Why Build a Custom Connector?

While Omni includes connectors for popular platforms (Google Workspace, Slack, Atlassian, HubSpot), you may need to integrate:
  • Internal systems — Databases, wikis, or custom applications
  • Niche SaaS tools — Industry-specific platforms not yet supported
  • Proprietary data sources — File formats or APIs unique to your organization
  • Legacy systems — Older systems with custom APIs

SDK Features

Both SDKs provide the same core capabilities:
FeatureDescription
Connector Base ClassAbstract base with sync lifecycle management
Sync ContextUtilities for emitting documents and tracking progress
Content StorageStore document content for indexing
SDK ClientCommunication with the connector-manager service
HTTP ServerBuilt-in server exposing standard connector endpoints
Data ModelsType-safe models for documents, events, and metadata

Available SDKs

Python SDK

Build connectors in Python with FastAPI

TypeScript SDK

Build connectors in TypeScript with Express

Rust SDK

Build connectors in Rust with Axum (omni-connector-sdk crate at sdk/rust/)
All three SDKs are functionally equivalent.

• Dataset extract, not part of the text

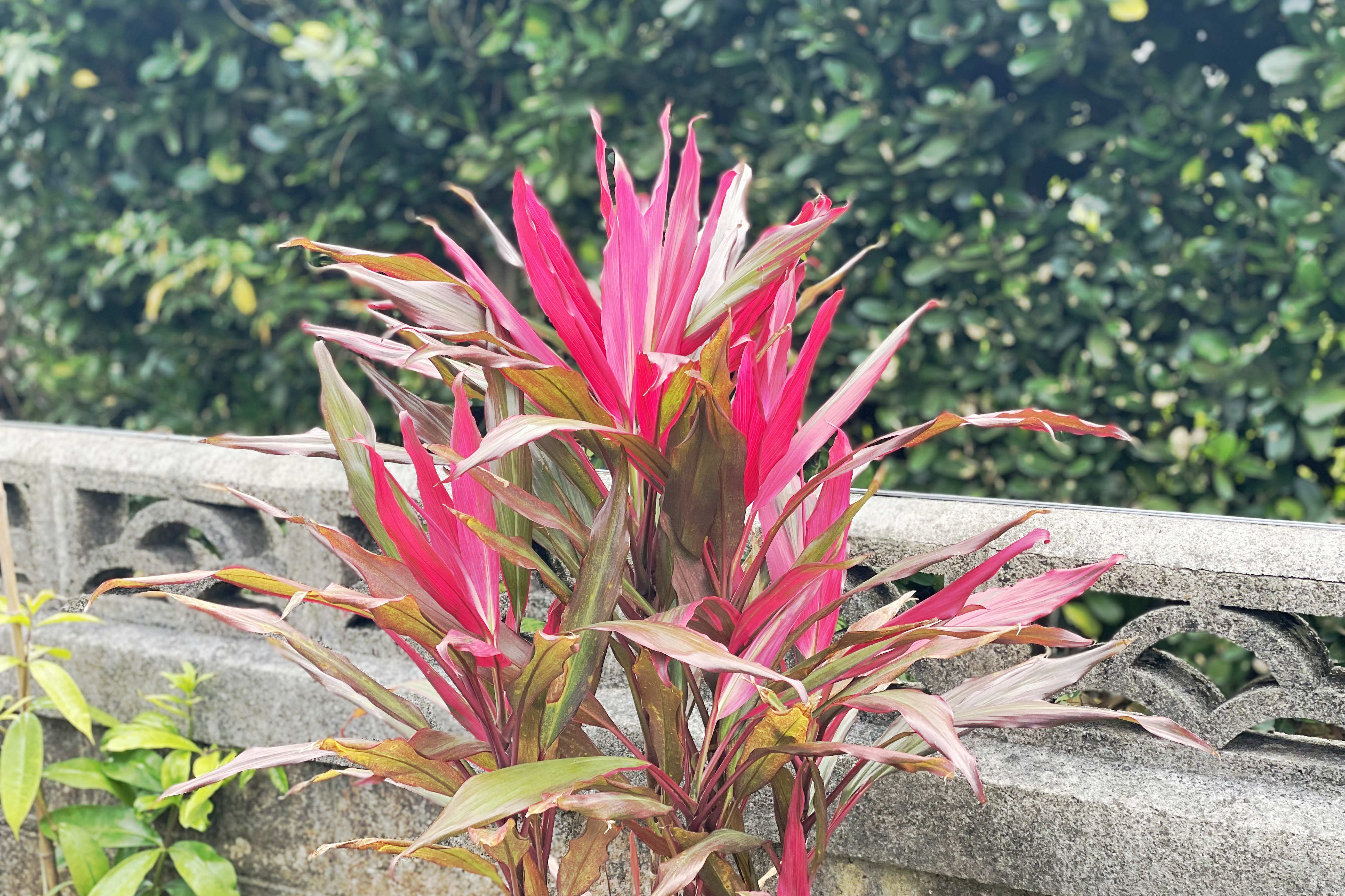 ブロック塀のところには沖縄らしい植物が生えていて、今は見られないがかつては入口に黄色いアラマンダの花が美しく咲き誇っていただとか。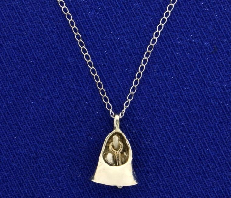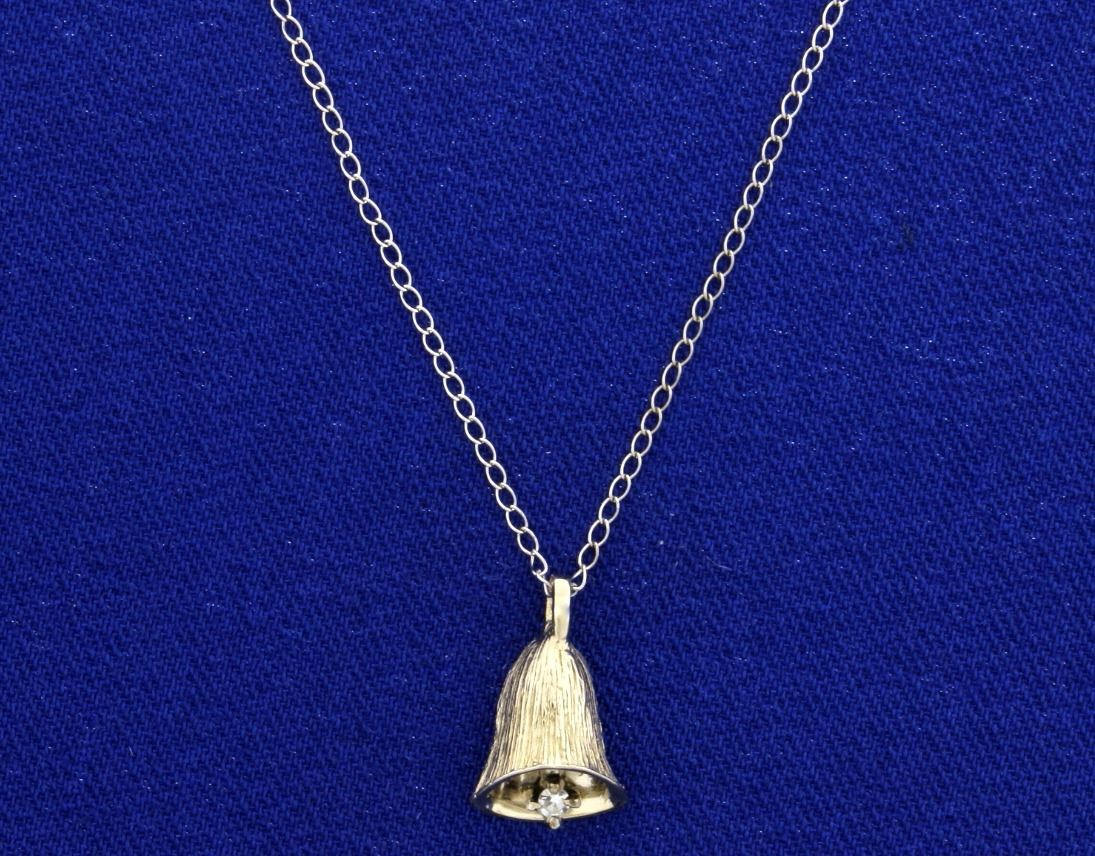 In 14k white gold. Contains a high quality .02ct round diamond as the bell's clapper/striker, VS clarity/G color. 1/2" long pendant with bale and 18" long neck chain. 1.3g.

Choose the language your team is most comfortable with. The Rust SDK doesn’t yet have a dedicated doc page — the built-in google, slack, atlassian, imap, nextcloud, fireflies, filesystem, and web connectors are all built against it and serve as the canonical reference.
The SDKs are not published to PyPI or npm. All connector development happens inside the Omni monorepo, with the SDK consumed as a local path dependency ({ path = "../../sdk/python" } for Python, "file:../../sdk/typescript" for TypeScript). To build a connector, clone omni and add a new directory under connectors/. This keeps connectors and the SDK versioned together, so you never have to chase a mismatched release.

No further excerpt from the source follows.